■ **Source data**

——

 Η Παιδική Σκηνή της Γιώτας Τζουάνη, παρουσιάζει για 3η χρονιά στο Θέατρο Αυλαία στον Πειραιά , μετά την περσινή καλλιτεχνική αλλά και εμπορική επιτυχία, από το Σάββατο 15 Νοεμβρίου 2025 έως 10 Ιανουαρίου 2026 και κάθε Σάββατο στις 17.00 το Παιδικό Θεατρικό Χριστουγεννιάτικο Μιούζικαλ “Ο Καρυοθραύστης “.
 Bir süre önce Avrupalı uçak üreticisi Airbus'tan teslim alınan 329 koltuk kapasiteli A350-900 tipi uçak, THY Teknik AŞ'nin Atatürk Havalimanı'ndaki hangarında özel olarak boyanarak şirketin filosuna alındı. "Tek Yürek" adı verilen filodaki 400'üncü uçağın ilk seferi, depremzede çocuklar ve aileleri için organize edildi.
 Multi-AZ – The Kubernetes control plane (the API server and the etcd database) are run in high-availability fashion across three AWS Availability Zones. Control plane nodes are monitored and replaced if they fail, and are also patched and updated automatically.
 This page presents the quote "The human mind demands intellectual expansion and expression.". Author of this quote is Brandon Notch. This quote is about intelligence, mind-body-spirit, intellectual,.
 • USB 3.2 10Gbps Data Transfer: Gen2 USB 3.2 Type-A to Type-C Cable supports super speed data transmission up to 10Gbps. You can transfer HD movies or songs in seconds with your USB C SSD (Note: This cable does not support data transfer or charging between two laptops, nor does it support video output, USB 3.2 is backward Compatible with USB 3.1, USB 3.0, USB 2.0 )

——

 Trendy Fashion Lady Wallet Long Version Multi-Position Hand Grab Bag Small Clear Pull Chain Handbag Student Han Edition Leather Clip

——

■ **Problem requirements**
If a line in the listing contains the string "Multi", copy it.

■ **Task answer**
 Multi-AZ – The Kubernetes control plane (the API server and the etcd database) are run in high-availability fashion across three AWS Availability Zones. Control plane nodes are monitored and replaced if they fail, and are also patched and updated automatically.
 Trendy Fashion Lady Wallet Long Version Multi-Position Hand Grab Bag Small Clear Pull Chain Handbag Student Han Edition Leather Clip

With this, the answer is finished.